- EXERCISE OBJECTIVE
Unless it is a picture, every line from the start of the entries through the line with "Jewelco London 14k" must be retyped exactly.

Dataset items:
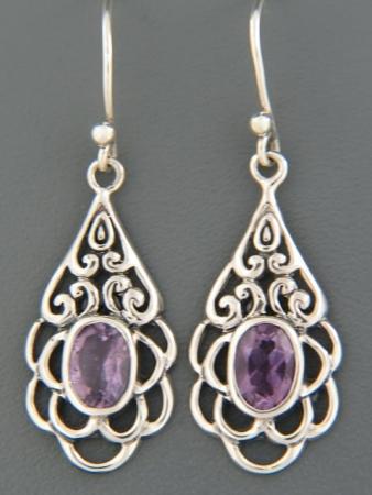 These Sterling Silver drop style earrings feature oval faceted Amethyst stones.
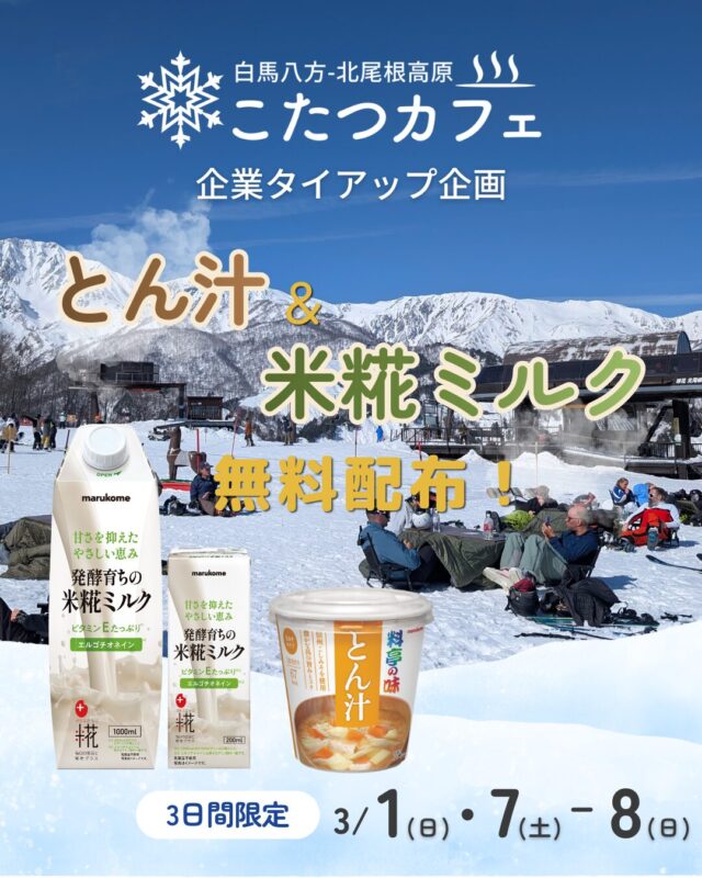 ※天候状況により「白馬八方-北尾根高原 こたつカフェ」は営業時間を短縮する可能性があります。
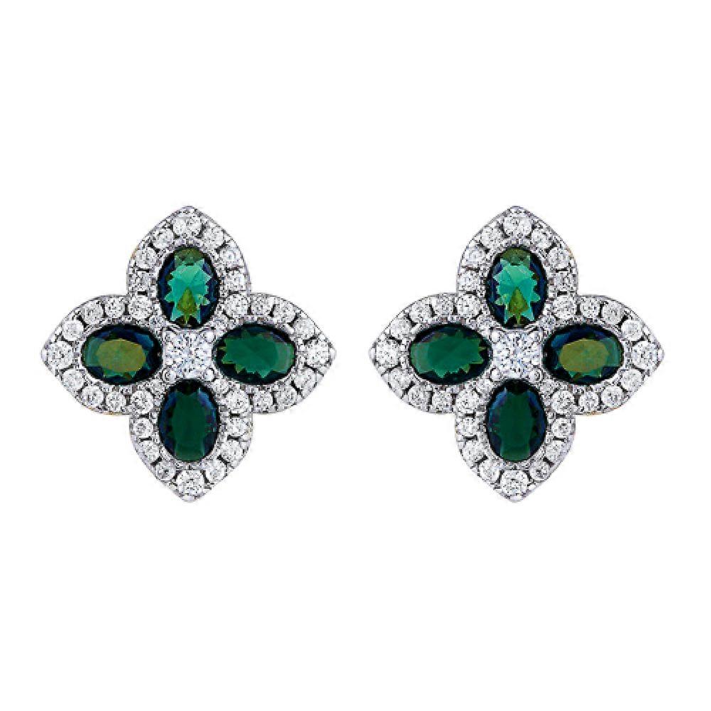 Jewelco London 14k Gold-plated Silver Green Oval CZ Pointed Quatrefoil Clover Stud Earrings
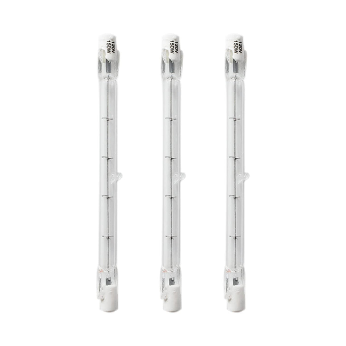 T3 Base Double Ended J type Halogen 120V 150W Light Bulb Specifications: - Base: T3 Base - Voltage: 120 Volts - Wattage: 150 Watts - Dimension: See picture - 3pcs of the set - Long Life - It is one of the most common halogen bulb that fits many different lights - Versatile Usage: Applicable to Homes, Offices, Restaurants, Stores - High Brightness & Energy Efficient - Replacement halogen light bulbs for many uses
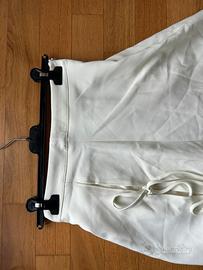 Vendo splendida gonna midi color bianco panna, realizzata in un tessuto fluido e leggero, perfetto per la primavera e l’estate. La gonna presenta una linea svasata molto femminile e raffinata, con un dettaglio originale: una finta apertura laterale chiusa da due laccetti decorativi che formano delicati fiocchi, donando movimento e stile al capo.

- FINISHED TASK
 These Sterling Silver drop style earrings feature oval faceted Amethyst stones.
 ※天候状況により「白馬八方-北尾根高原 こたつカフェ」は営業時間を短縮する可能性があります。
 Jewelco London 14k Gold-plated Silver Green Oval CZ Pointed Quatrefoil Clover Stud Earrings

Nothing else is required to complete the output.